(DATA LISTING Opens)
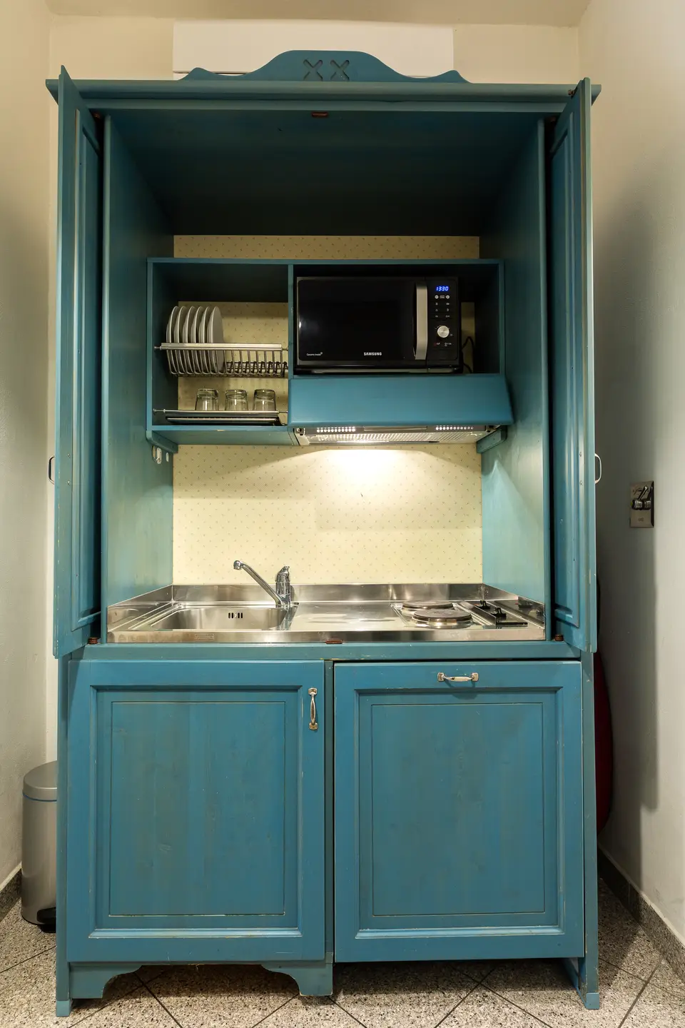 - Cucina a scomparsa funzionale, completa di stoviglie ed elettrodomestici
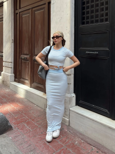 Çizgili Etekli Takım Mavi S3609 (Beden: M)
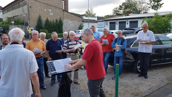 Der Ortsausschussvorsitzende Walter Omsels hatte uns eingeladen, den Mai nach der Pandemie mit der Ortsgemeinde musikalisch zu begrüßen. Gerne kamen wir der Einladung nach und sangen auch hier gut 30 Minuten Lieder zum Mai, von Rhein und Wein.
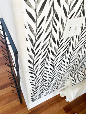 RoomMates Willow Magnolia Home Wallpaper Black: Self-Adhesive, Peelable, Repositionable, Botanical Leaf Pattern
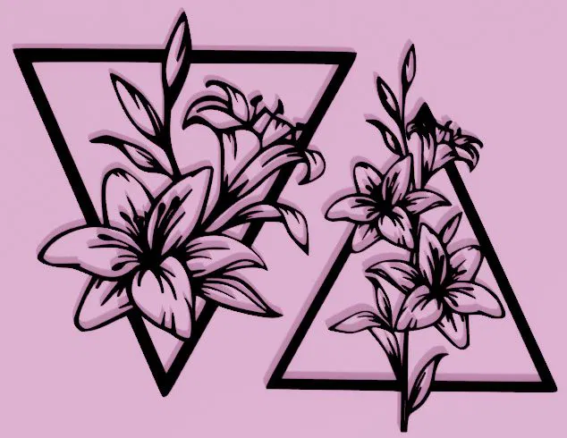 Mẫu thiết kế Kroon này là một lựa chọn tuyệt vời cho những ai yêu thích sự kết hợp giữa nét đẹp tự nhiên của hoa lily và hình khối hình học tối giản. Đây là một món đồ decor dạng 2D hoặc 2.5D được thiết kế tinh tế, làm nổi bật lên những đường nét uốn lượn của cánh hoa bên trong khung tam giác sắc sảo. Bạn có thể sử dụng sản phẩm này để làm quà tặng, vật phẩm trang trí treo tường hoặc gắn lên kệ sách, bàn làm việc để tạo thêm điểm nhấn nghệ thuật độc đáo cho không gian sống của mình.
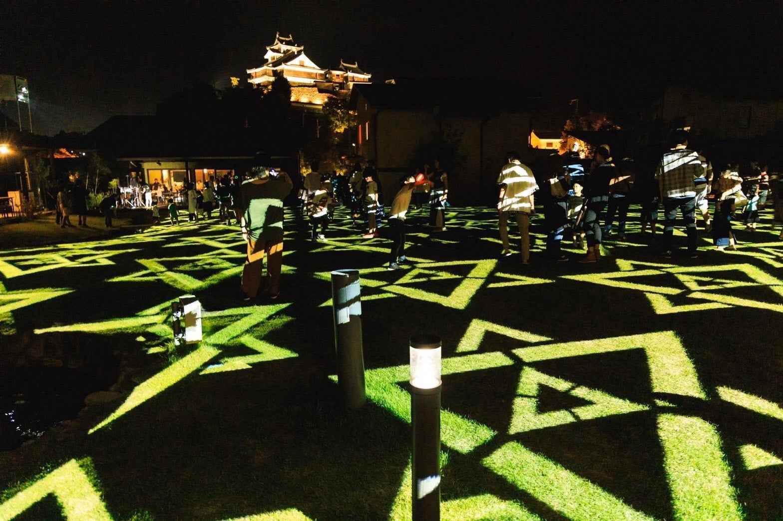 都市圏でのプロジェクションマッピングで活躍されているPixelEngine Ltd.代表・三谷正さんによる、ゆらのガーデンの芝生に映し出される体感型プロジェクションマッピング。芝生の上を動くと光が反応するインタラクティブシステムを採用しています。光の芝の上で自由に遊んでいただけます。
(DATA LISTING Closes)
WHAT THIS TASK INVOLVES: Pictures are to be omitted. The lines from the line holding "Mẫu thiết kế" through the closing line of the data above are to be set down exactly, and nothing more.

OUTPUT FOR THIS EXERCISE:
 Mẫu thiết kế Kroon này là một lựa chọn tuyệt vời cho những ai yêu thích sự kết hợp giữa nét đẹp tự nhiên của hoa lily và hình khối hình học tối giản. Đây là một món đồ decor dạng 2D hoặc 2.5D được thiết kế tinh tế, làm nổi bật lên những đường nét uốn lượn của cánh hoa bên trong khung tam giác sắc sảo. Bạn có thể sử dụng sản phẩm này để làm quà tặng, vật phẩm trang trí treo tường hoặc gắn lên kệ sách, bàn làm việc để tạo thêm điểm nhấn nghệ thuật độc đáo cho không gian sống của mình.
 都市圏でのプロジェクションマッピングで活躍されているPixelEngine Ltd.代表・三谷正さんによる、ゆらのガーデンの芝生に映し出される体感型プロジェクションマッピング。芝生の上を動くと光が反応するインタラクティブシステムを採用しています。光の芝の上で自由に遊んでいただけます。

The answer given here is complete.